Data shown Start Marker

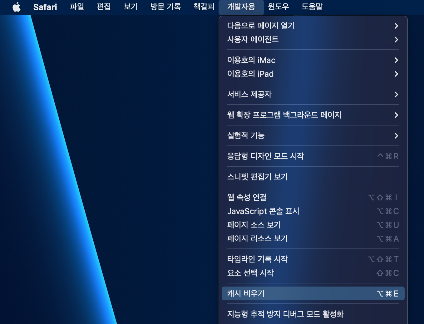 사파리에서 캐시를 지우려면 개발자 도구 메뉴를 활성화 해야합니다.
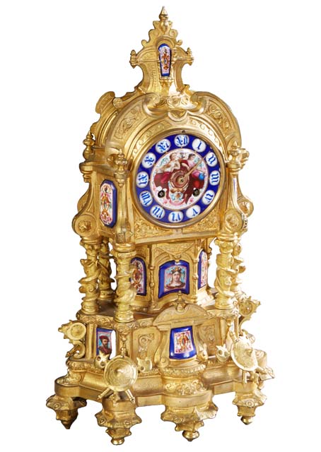 Gorgeous 19th century M. T. Kaltenberger gilt bronze and porcelain mantel clock, 17 inches tall (est. $800-$1,200).
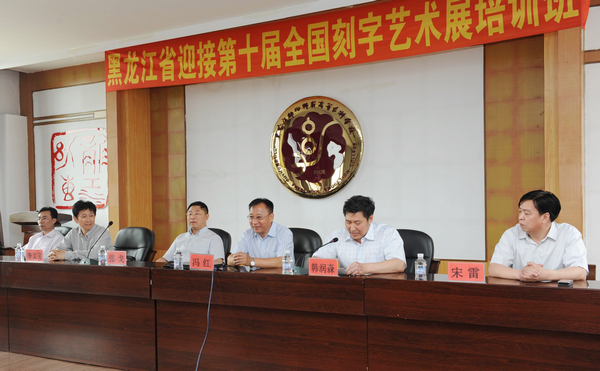 为迎接“全国第十届刻字艺术展”,提高黑龙江省的刻字创作水平,6月6日至8日,由黑龙江省书协、牡丹江市书协、黑龙江省书协刻字艺术委员会承办的迎接全国第十届刻字艺术展培训班在牡丹江市开班。省文联党组成员、副主席、省书协常务副主席张戈,牡丹江市文联主席冯红、副主席褚保军,牡丹江市书协主席韩润森以及来自全省各地的书刻学员60余人参加了开班仪式。
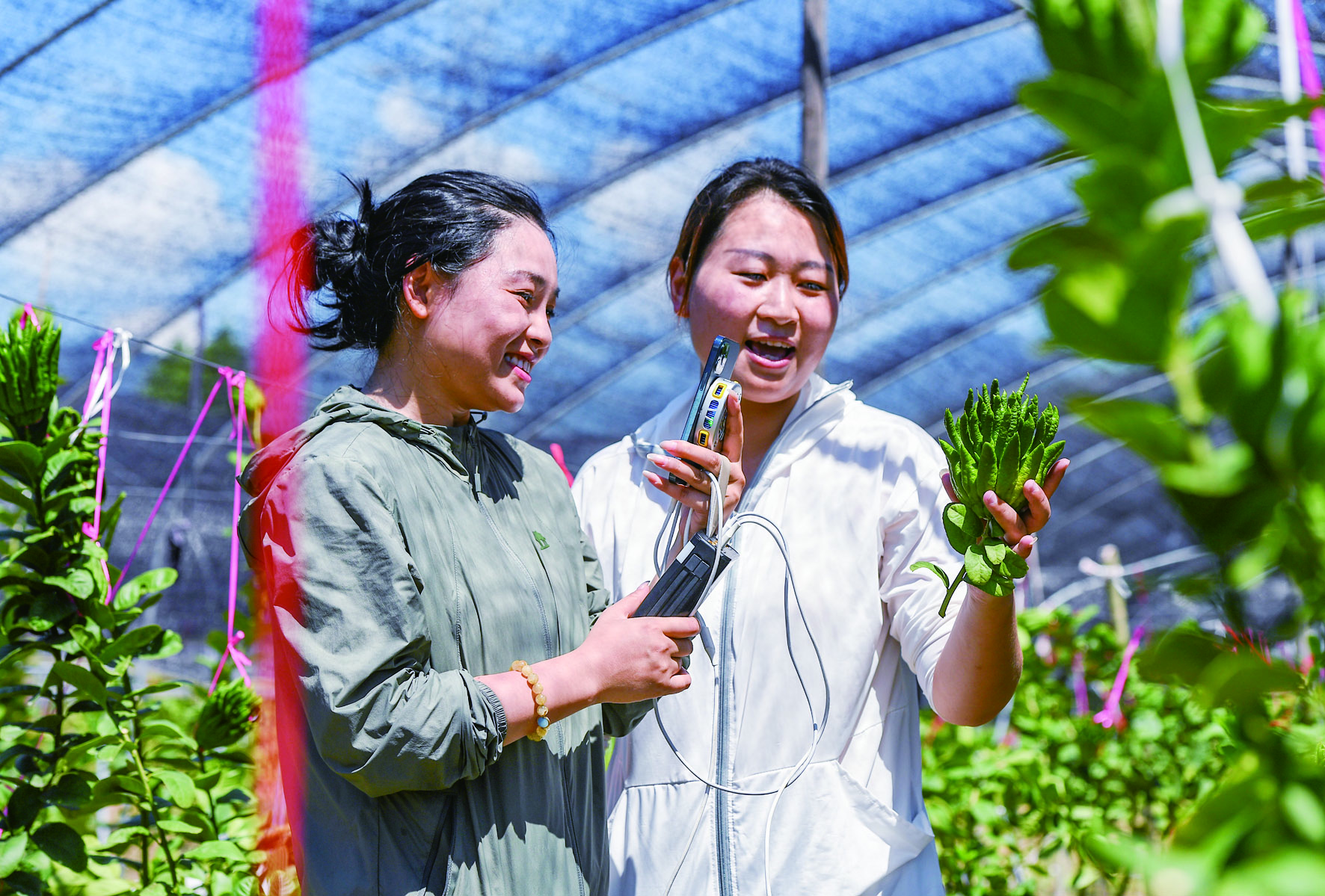 记者 时宽兵 文/摄 昨日,在金东区赤松镇北山口村的佛手种植基地里,村民在直播销售佛手青果。 佛手青果主要用于观赏、插花、闻香等,当地村民通过村庄e万家“共富工坊”直播间和田间直播,把佛手青果销售到全国各地,实现增收致富。

Data shown End Marker

### Exercise aim
The data shown above must be printed again exactly, with no images included.

### Written solution
 사파리에서 캐시를 지우려면 개발자 도구 메뉴를 활성화 해야합니다.
 Gorgeous 19th century M. T. Kaltenberger gilt bronze and porcelain mantel clock, 17 inches tall (est. $800-$1,200).
 为迎接“全国第十届刻字艺术展”,提高黑龙江省的刻字创作水平,6月6日至8日,由黑龙江省书协、牡丹江市书协、黑龙江省书协刻字艺术委员会承办的迎接全国第十届刻字艺术展培训班在牡丹江市开班。省文联党组成员、副主席、省书协常务副主席张戈,牡丹江市文联主席冯红、副主席褚保军,牡丹江市书协主席韩润森以及来自全省各地的书刻学员60余人参加了开班仪式。
 记者 时宽兵 文/摄 昨日,在金东区赤松镇北山口村的佛手种植基地里,村民在直播销售佛手青果。 佛手青果主要用于观赏、插花、闻香等,当地村民通过村庄e万家“共富工坊”直播间和田间直播,把佛手青果销售到全国各地,实现增收致富。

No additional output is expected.